[DATASET ENTRIES]
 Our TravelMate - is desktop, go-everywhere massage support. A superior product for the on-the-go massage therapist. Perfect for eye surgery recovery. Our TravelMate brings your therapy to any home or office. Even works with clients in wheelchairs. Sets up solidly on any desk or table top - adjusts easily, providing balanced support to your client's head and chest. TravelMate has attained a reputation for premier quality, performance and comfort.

--

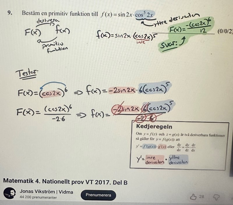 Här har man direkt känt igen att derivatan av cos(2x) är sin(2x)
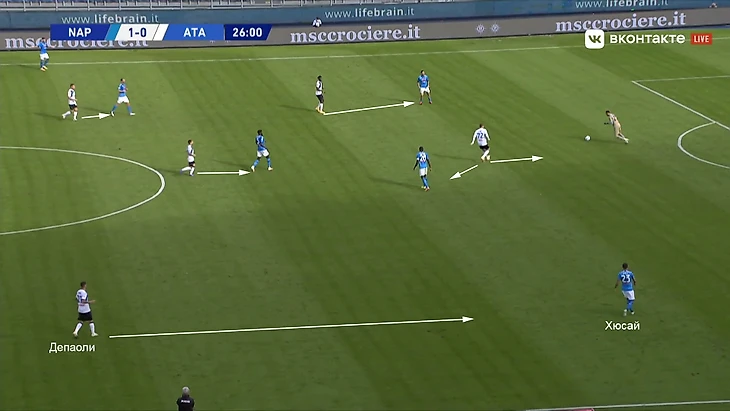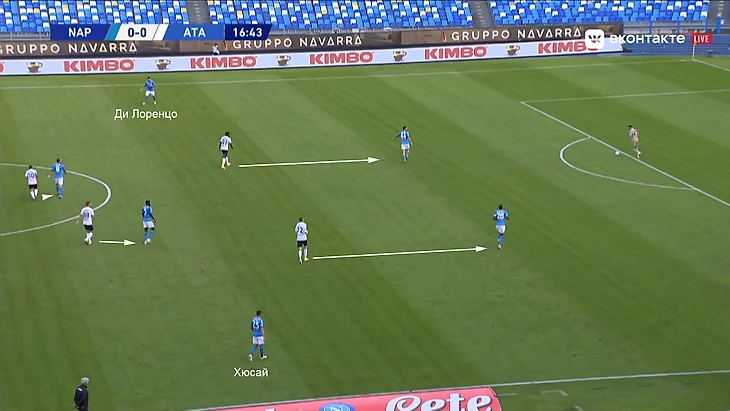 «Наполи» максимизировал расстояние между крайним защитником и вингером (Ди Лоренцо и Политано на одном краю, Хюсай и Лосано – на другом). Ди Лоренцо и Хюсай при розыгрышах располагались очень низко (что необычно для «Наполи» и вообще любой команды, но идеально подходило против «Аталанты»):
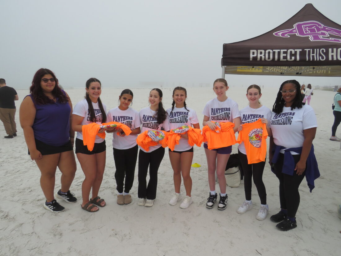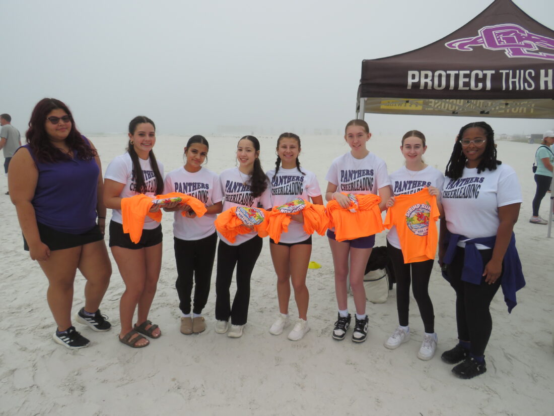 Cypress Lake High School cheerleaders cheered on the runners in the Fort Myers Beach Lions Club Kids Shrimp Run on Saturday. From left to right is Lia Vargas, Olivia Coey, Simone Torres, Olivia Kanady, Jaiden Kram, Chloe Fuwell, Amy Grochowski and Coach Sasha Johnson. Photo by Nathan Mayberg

[PROBLEM DETAILS] After locating the line containing "Här har man" in the entries above, return it and every line after it exactly, ending at the line containing "максимизировал расстояние между", without pictures.

[RESULT]
 Här har man direkt känt igen att derivatan av cos(2x) är sin(2x)
 «Наполи» максимизировал расстояние между крайним защитником и вингером (Ди Лоренцо и Политано на одном краю, Хюсай и Лосано – на другом). Ди Лоренцо и Хюсай при розыгрышах располагались очень низко (что необычно для «Наполи» и вообще любой команды, но идеально подходило против «Аталанты»):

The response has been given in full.